Allow me to introduce you to Marjorie Mayweather, a well-heeled debutante who ventures on her Grand Tour to Italy in 1897, in the company of a distant cousin.
At their modest pension, Marjorie meets a dashing but aloof Captain Edward Grainger, esquire. She finds him stodgy and over-protective.
Straining against the constraints of conventional society and eager for adventure, Marjorie manages to get herself into a number of scrapes in which the begrudging Captain Grainger comes to her rescue. Unknown to Marjorie, Captain Grainger works for Lloyds, and is in pursuit of a notorious international jewel thief. His job is to assure the South Sea pearls of Mrs. Grace Parmeter are not pinched while she vacations in Tuscany. An informant has told Edward that the thief is a resident of Marjorie’s pension.
Enter the Honorable Freddie Clive-Bickerton who wishes for Marjorie’s hand and her fortune. He takes her to the opera in style and has the most impeccable manners.
Marjorie soon realizes it’s Edward Grainger who can be depended on.
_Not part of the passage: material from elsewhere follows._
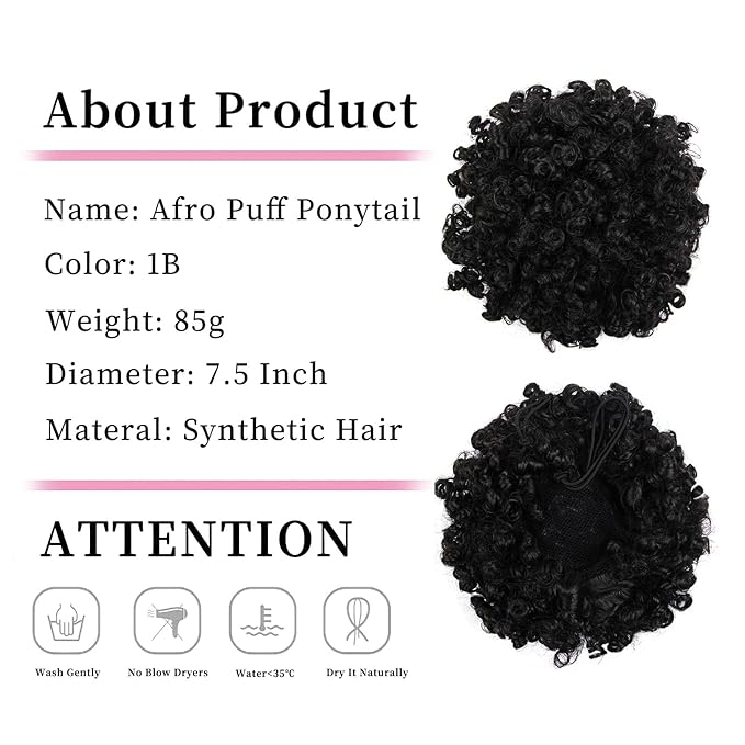 - 1. Culy wavy Afro puff drawstring ponytail design: The loose wave curls design is different from the previous kinky curly; Looks charming, cute and different; Curl lasts; If you want to change your hairstyle, african puffs will give you a wonderful experience

When a stolen diamond bracelet is found in Marjorie’s opera reticule, the local police arrest her. Edward reveals his true identity and convinces the police that the culprit is another resident of the pension who has left in a hurry. Except the accused has an alibi, and Edward fears the real thief is a danger to the others and will strike again.
Knowing she’s spoilt Edward’s chances to catch the thief, Marjorie persuades her cousin to go with her to Grace Parmeter’s villa where they apply for work as housemaids so they can spy on her guests. They are hired because the lady is giving a house party and extra staff are needed. An angry Edward is one of the guests and so is fickle Freddie.
Marjorie does her best to uncover the thief, but her antics put the party into a terrible uproar.
In the end the thief is exposed, Edward is reconciled and Marjorie finds falling in love to be the grandest adventure of them all.